Excerpted records:
———
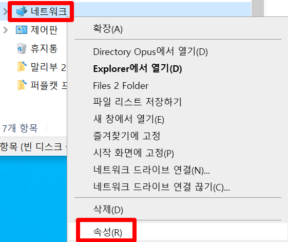 '윈도우 탐색기'에서 '네트워크'에 마우스 포인터를 위치하고 우클릭합니다.
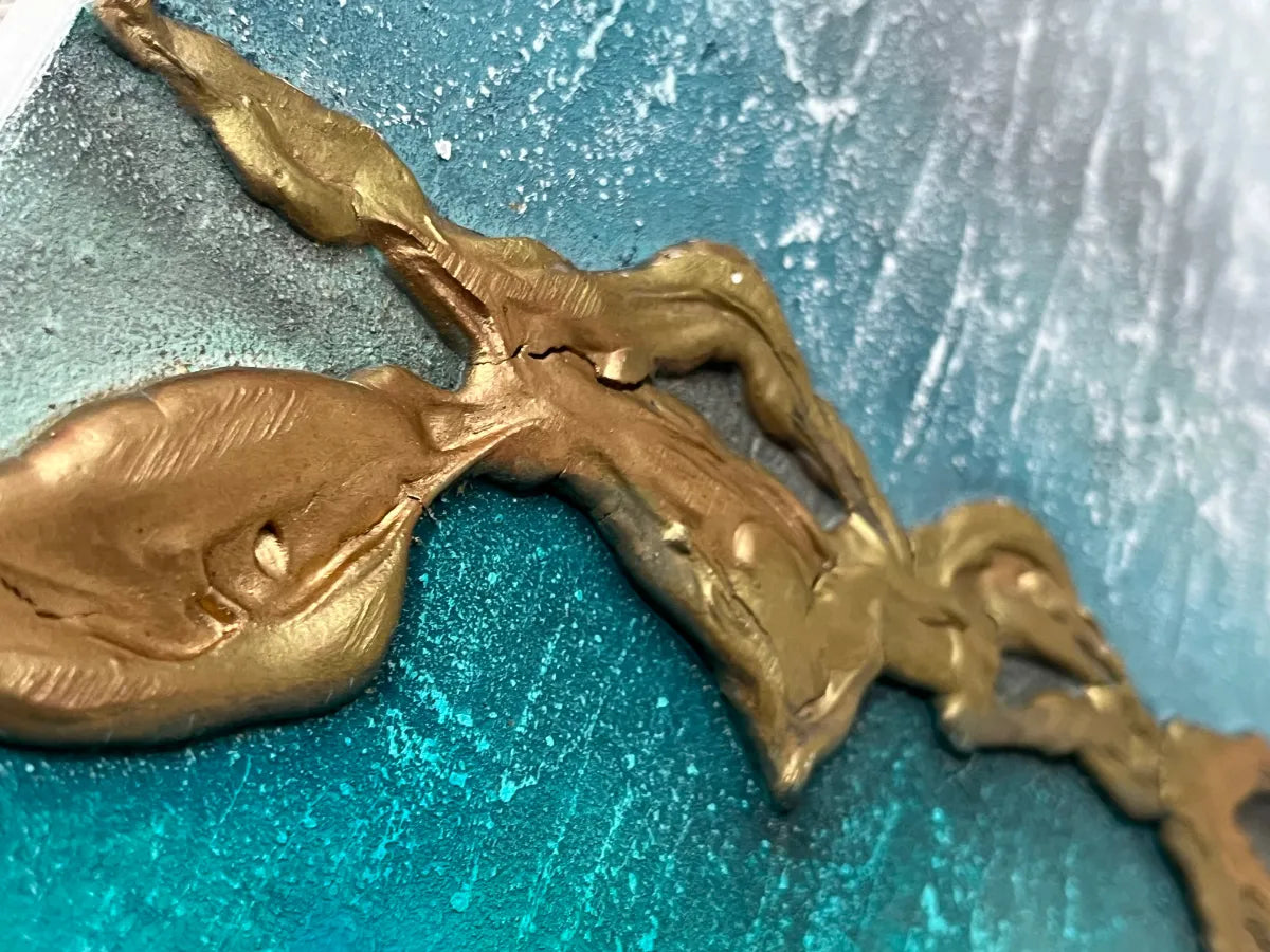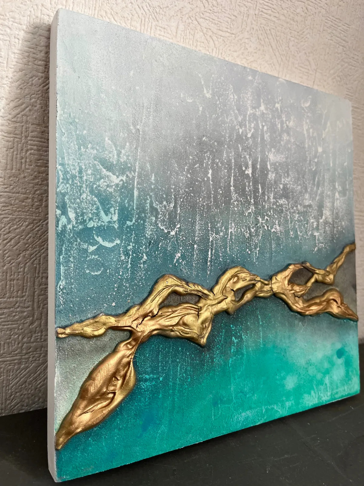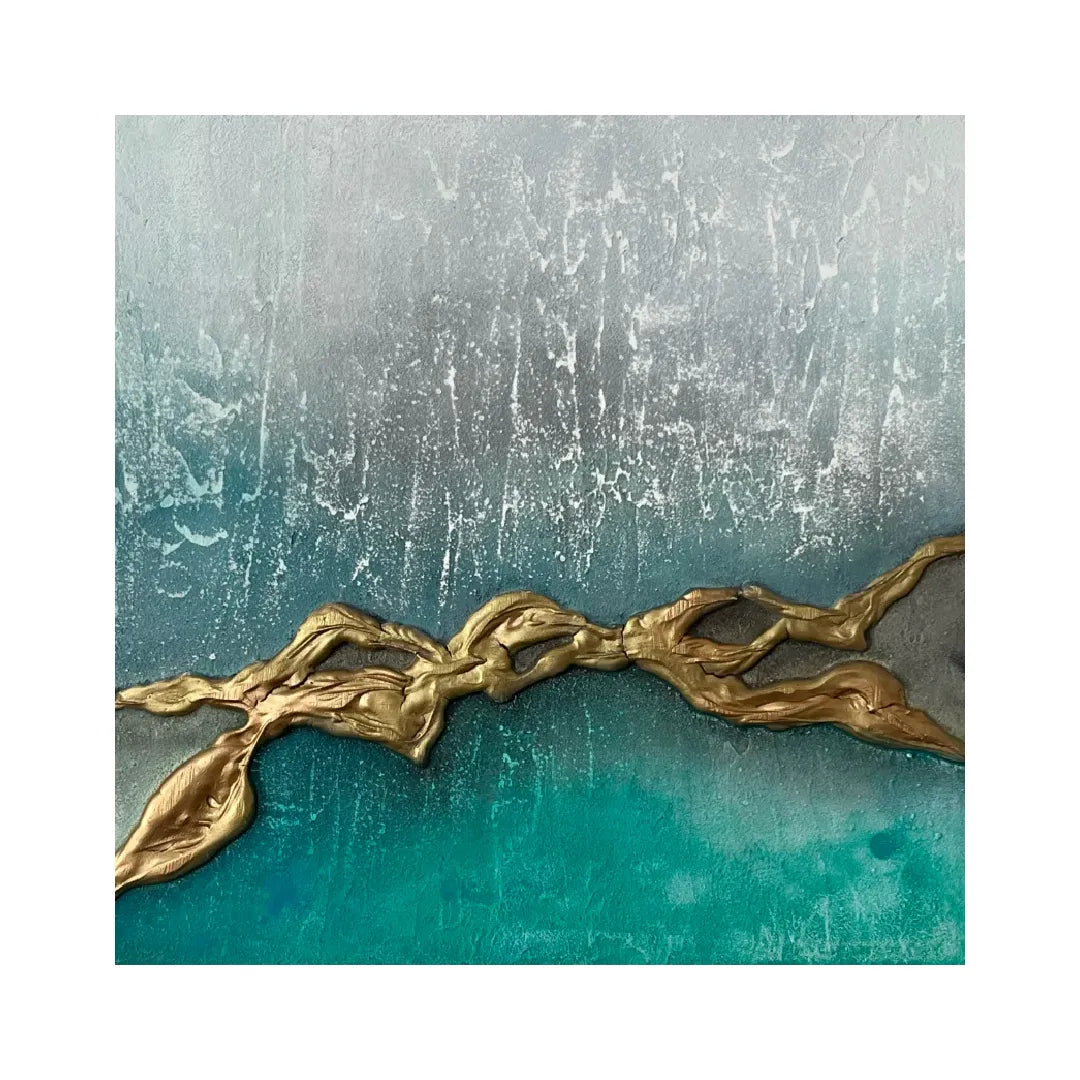 深い青緑の層を横切るように、金色のラインが有機的に連なった作品です。荒々しさと静けさが同時に漂う画面は、自然の地層や水面の境界を思わせ、時間の積層を感じさせます。盛り上がった金の質感は光を受けて陰影を生み、見る角度や距離によって印象が変化します。空間に飾ることで、壁に奥行きと緊張感のあるアクセントを与え、落ち着いた中にも強い存在感をもたらす一枚です。
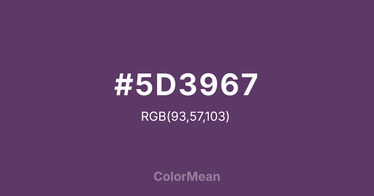 #5D3967 RGB value is (93, 57, 103). The hex color red value is 93, green is 57, and blue is 103. Its HSL format shows a hue of 287°, saturation of 29 percent, and lightness of 31 percent. The CMYK process values are 10 percent, 45 percent, 0 percent, 60 percent.
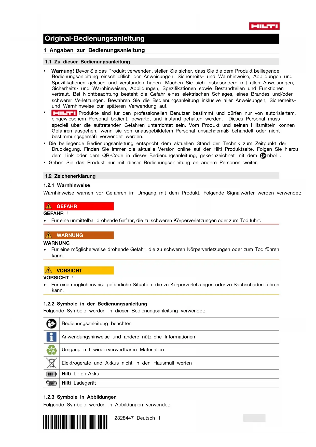 Siehe Verhalten bei beschädigten Akkus ▶ Durch unsachgemäße Entsorgung können Gesundheitsgefährdungen durch austretende Gase oder Flüssigkeiten entstehen. Entsorgen Sie den Akku in Ihrem Hilti Store oder wenden Sie sich an ihr zuständiges Müllentsorgungsunternehmen. Versenden oder verschicken Sie keine beschädigten Akkus! ▶ Werfen Sie Akkus nicht in den Hausmüll. ▶ Entsorgen Sie Akkus so, dass sie nicht in die Hände von Kindern gelangen können. Decken Sie die Anschlüsse mit einem nicht leitfähigen Material ab, um Kurzschlüsse zu vermeiden.*2328447* 2328447 English 23 Original operating instructions 1 Information about the operating instructions
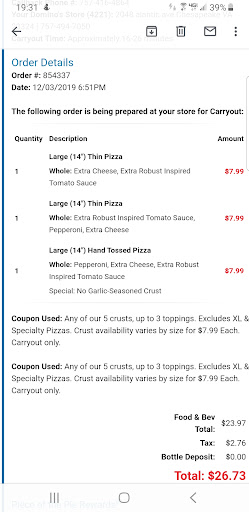 Read moreI have been struggling with leaving this review for several days. I HATE leaving negative reviews. I love Domino's and I work late hours, so I order delivery pizza more than I should! This location has had the occasional mishap: overcooked food, cold food, missing dipping cup, annoyed team member on the phone when you call about the error. I can deal with this, ish happens, but I ordered earlier this month and it was honestly the last straw. I got home later than normal and decided to order pizza bc I didn't have the energy to make something. I placed my order through the app at 11:20. At 11:33, the pizza tracker said my food was out of the oven. By 12:35, I still hadn't recieved it. I was trying to call the store to cancel the order, because, at that point, I just wanted to go to bed. I got the automated system and waited on hold for a full 10 minutes, but no one would answer. Resigned to having to stay up and wait for this, I hung up. At 12:47, pizza tracker said the order was finally out for delivery. At 1 a.m., it finally arrived, almost 2 hours after I placed the order. I said to the driver, "wow, you guys are busy tonight!" He just stared at me, confused, and then said, kind of slowly "uh, yea." Once I got the food inside, it was, of course, stone cold. I have had so many issues with this location that my "insurance" through the app no longer works. It just says, "we are sorry you have had so many issues with your order. Please contact the store at.." . So, I will no longer be ordering from this location, and, if you choose to, just be warned. Forewarned is forearmed,...
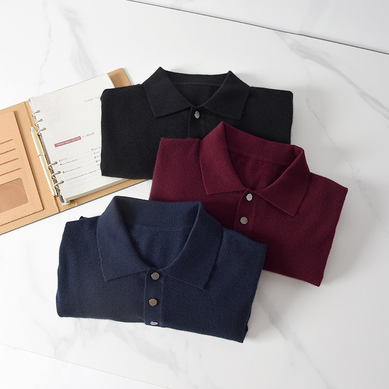 Fall/Winter 2022 New 100% Cashmere Worsted Sweater Men's Junior Casual Polo Collar Knit Top
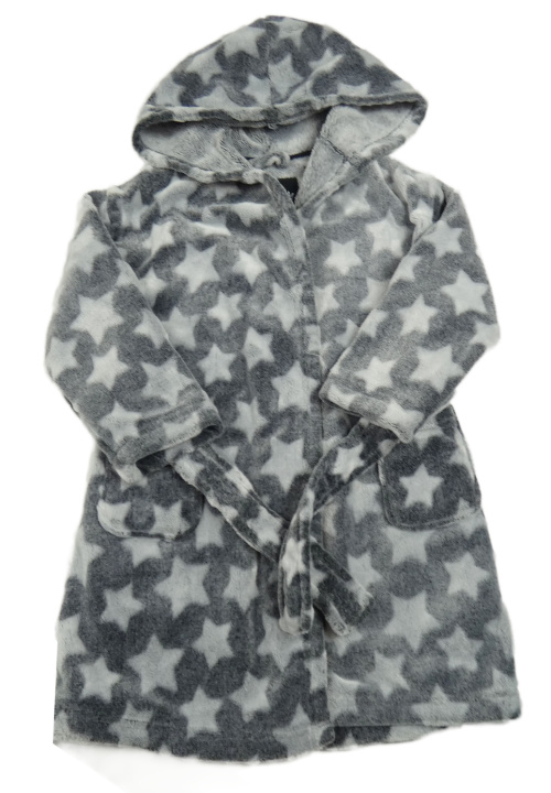 Tmavošedý chlupatý župan s hvězdami a kapucí F&F
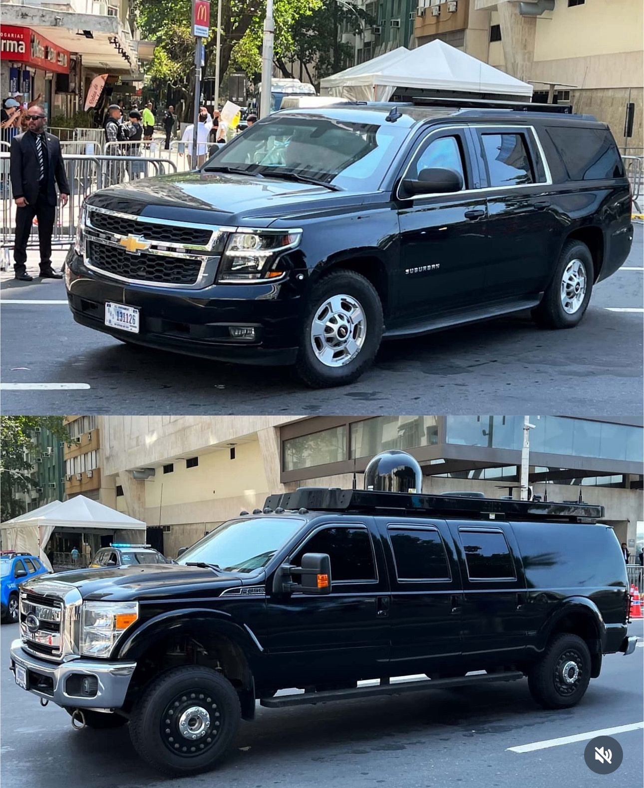 Entre os destaques está a limousine presidencial conhecida como “The Beast”, além de uma frota composta por caminhonetes Ford F-550, F-350 Super Duty e diversas SUVs Chevrolet Suburban.
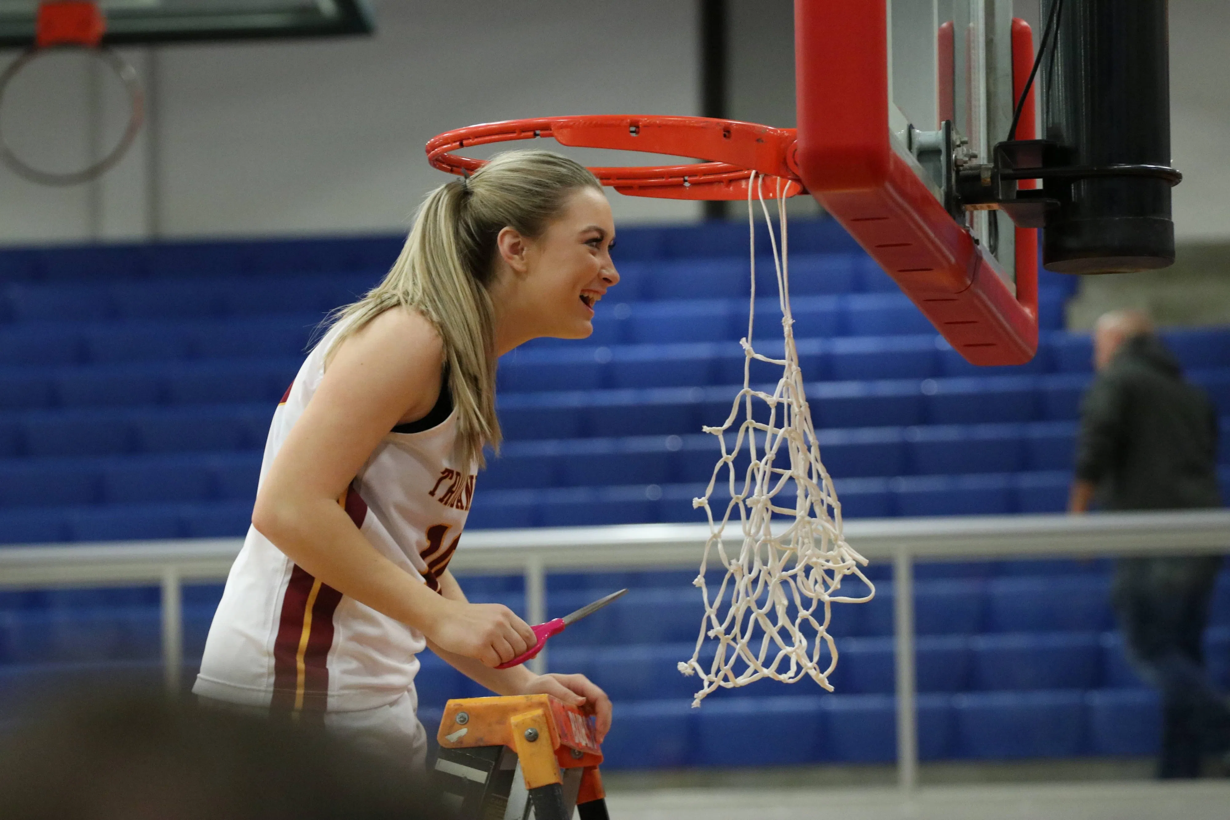 Gracelyn Deweese, a player for the Barren County Trojanettes, cuts a net at Allen County-Scottsville High School after the team won the 15th District Championship on Thursday, Feb. 27, 2020. (BRENNAN ...
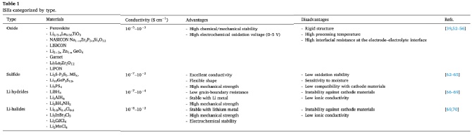 无机固体电解质(ISEs),也称为陶瓷电解质,包括晶体、偏晶(玻璃-陶瓷)和无定形玻璃,具有传导锂离子的能力。ISEs在固体电解质中展示了最高的热稳定性和离子电导率。它们被分为氧化物和硫化物,但氢化物型材料和卤化物型材料的研究较少。氧化物电解质包括NASICON、LISICON、钙钛矿、石榴石和LiPON。NASICON型化合物如Na1+xZr2P3-xSixO12和Li1+xMxTi2-x(PO4)3(M = Al,Cr,Ga,Ge,Sc,In,Lu,Y或La)展现出高离子电导率,宽电化学稳定窗口(ESW)。LISICON型电解质如Li2+2x Zn1-x XO4(X = Al、S、Si、Ge、Ti和P)通常在室温下表现出较低的离子电导率,但是空气中比较稳定。钙钛矿型SSEs中,Li3xLa2/3-xTiO3(LLTO)具有高离子电导率和锂稳定性,而Li7La3Zr2O12(LLZO)表现出高离子电导率和氧化稳定性。LiPON作为电解质在与金属锂接触时表现出高稳定性。硫化物固体电解质如Li10GeP2S12和Li3PS4展示出高离子导率和稳定性,但对湿度和高压氧化物阴极敏感。卤化物固体电解质在最近得到更多关注,但稳定性仍是主要问题。氢化物SSEs具有较低的离子电导率,需要在高温下运行。表1列出了一些氧化物、硫化物、卤化物和氢化物SSEs的特性、/p>
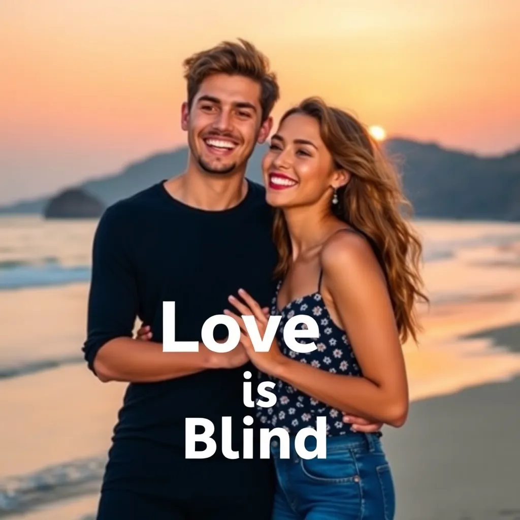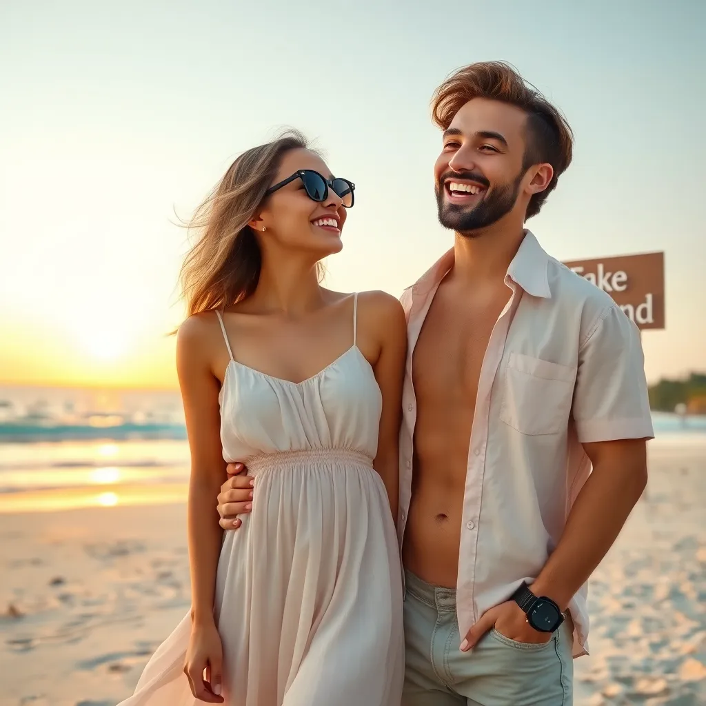 Create an AI image of a trendy young couple, both in their early twenties, posing on a picturesque beach at sunset. The girl is wearing a flowy sundress and sunglasses, while the guy is sporting a laid-back outfit and a charming smile. They're laughing and embracing, with a 'Fake Boyfriend' sign in the background.
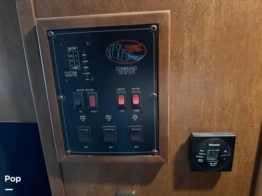 Stay comfortable year-round with two AC units (15k and 13.5k BTUs) and two furnaces (35k and 20k BTUs). The 5.5kW Onan generator provides power independence, and four coach batteries extend your off-grid capabilities. Auto-leveling jacks make setup a breeze, while the rear ladder offers easy roof access.
———
Activity:
Transcribe every record above exactly as written, leaving out any pictures.

Response:
 '윈도우 탐색기'에서 '네트워크'에 마우스 포인터를 위치하고 우클릭합니다.
 深い青緑の層を横切るように、金色のラインが有機的に連なった作品です。荒々しさと静けさが同時に漂う画面は、自然の地層や水面の境界を思わせ、時間の積層を感じさせます。盛り上がった金の質感は光を受けて陰影を生み、見る角度や距離によって印象が変化します。空間に飾ることで、壁に奥行きと緊張感のあるアクセントを与え、落ち着いた中にも強い存在感をもたらす一枚です。
 #5D3967 RGB value is (93, 57, 103). The hex color red value is 93, green is 57, and blue is 103. Its HSL format shows a hue of 287°, saturation of 29 percent, and lightness of 31 percent. The CMYK process values are 10 percent, 45 percent, 0 percent, 60 percent.
 Siehe Verhalten bei beschädigten Akkus ▶ Durch unsachgemäße Entsorgung können Gesundheitsgefährdungen durch austretende Gase oder Flüssigkeiten entstehen. Entsorgen Sie den Akku in Ihrem Hilti Store oder wenden Sie sich an ihr zuständiges Müllentsorgungsunternehmen. Versenden oder verschicken Sie keine beschädigten Akkus! ▶ Werfen Sie Akkus nicht in den Hausmüll. ▶ Entsorgen Sie Akkus so, dass sie nicht in die Hände von Kindern gelangen können. Decken Sie die Anschlüsse mit einem nicht leitfähigen Material ab, um Kurzschlüsse zu vermeiden.*2328447* 2328447 English 23 Original operating instructions 1 Information about the operating instructions
 Read moreI have been struggling with leaving this review for several days. I HATE leaving negative reviews. I love Domino's and I work late hours, so I order delivery pizza more than I should! This location has had the occasional mishap: overcooked food, cold food, missing dipping cup, annoyed team member on the phone when you call about the error. I can deal with this, ish happens, but I ordered earlier this month and it was honestly the last straw. I got home later than normal and decided to order pizza bc I didn't have the energy to make something. I placed my order through the app at 11:20. At 11:33, the pizza tracker said my food was out of the oven. By 12:35, I still hadn't recieved it. I was trying to call the store to cancel the order, because, at that point, I just wanted to go to bed. I got the automated system and waited on hold for a full 10 minutes, but no one would answer. Resigned to having to stay up and wait for this, I hung up. At 12:47, pizza tracker said the order was finally out for delivery. At 1 a.m., it finally arrived, almost 2 hours after I placed the order. I said to the driver, "wow, you guys are busy tonight!" He just stared at me, confused, and then said, kind of slowly "uh, yea." Once I got the food inside, it was, of course, stone cold. I have had so many issues with this location that my "insurance" through the app no longer works. It just says, "we are sorry you have had so many issues with your order. Please contact the store at.." . So, I will no longer be ordering from this location, and, if you choose to, just be warned. Forewarned is forearmed,...
 Fall/Winter 2022 New 100% Cashmere Worsted Sweater Men's Junior Casual Polo Collar Knit Top
 Tmavošedý chlupatý župan s hvězdami a kapucí F&F
 Entre os destaques está a limousine presidencial conhecida como “The Beast”, além de uma frota composta por caminhonetes Ford F-550, F-350 Super Duty e diversas SUVs Chevrolet Suburban.
 Gracelyn Deweese, a player for the Barren County Trojanettes, cuts a net at Allen County-Scottsville High School after the team won the 15th District Championship on Thursday, Feb. 27, 2020. (BRENNAN ...
 无机固体电解质(ISEs),也称为陶瓷电解质,包括晶体、偏晶(玻璃-陶瓷)和无定形玻璃,具有传导锂离子的能力。ISEs在固体电解质中展示了最高的热稳定性和离子电导率。它们被分为氧化物和硫化物,但氢化物型材料和卤化物型材料的研究较少。氧化物电解质包括NASICON、LISICON、钙钛矿、石榴石和LiPON。NASICON型化合物如Na1+xZr2P3-xSixO12和Li1+xMxTi2-x(PO4)3(M = Al,Cr,Ga,Ge,Sc,In,Lu,Y或La)展现出高离子电导率,宽电化学稳定窗口(ESW)。LISICON型电解质如Li2+2x Zn1-x XO4(X = Al、S、Si、Ge、Ti和P)通常在室温下表现出较低的离子电导率,但是空气中比较稳定。钙钛矿型SSEs中,Li3xLa2/3-xTiO3(LLTO)具有高离子电导率和锂稳定性,而Li7La3Zr2O12(LLZO)表现出高离子电导率和氧化稳定性。LiPON作为电解质在与金属锂接触时表现出高稳定性。硫化物固体电解质如Li10GeP2S12和Li3PS4展示出高离子导率和稳定性,但对湿度和高压氧化物阴极敏感。卤化物固体电解质在最近得到更多关注,但稳定性仍是主要问题。氢化物SSEs具有较低的离子电导率,需要在高温下运行。表1列出了一些氧化物、硫化物、卤化物和氢化物SSEs的特性、/p>
 Create an AI image of a trendy young couple, both in their early twenties, posing on a picturesque beach at sunset. The girl is wearing a flowy sundress and sunglasses, while the guy is sporting a laid-back outfit and a charming smile. They're laughing and embracing, with a 'Fake Boyfriend' sign in the background.
 Stay comfortable year-round with two AC units (15k and 13.5k BTUs) and two furnaces (35k and 20k BTUs). The 5.5kW Onan generator provides power independence, and four coach batteries extend your off-grid capabilities. Auto-leveling jacks make setup a breeze, while the rear ladder offers easy roof access.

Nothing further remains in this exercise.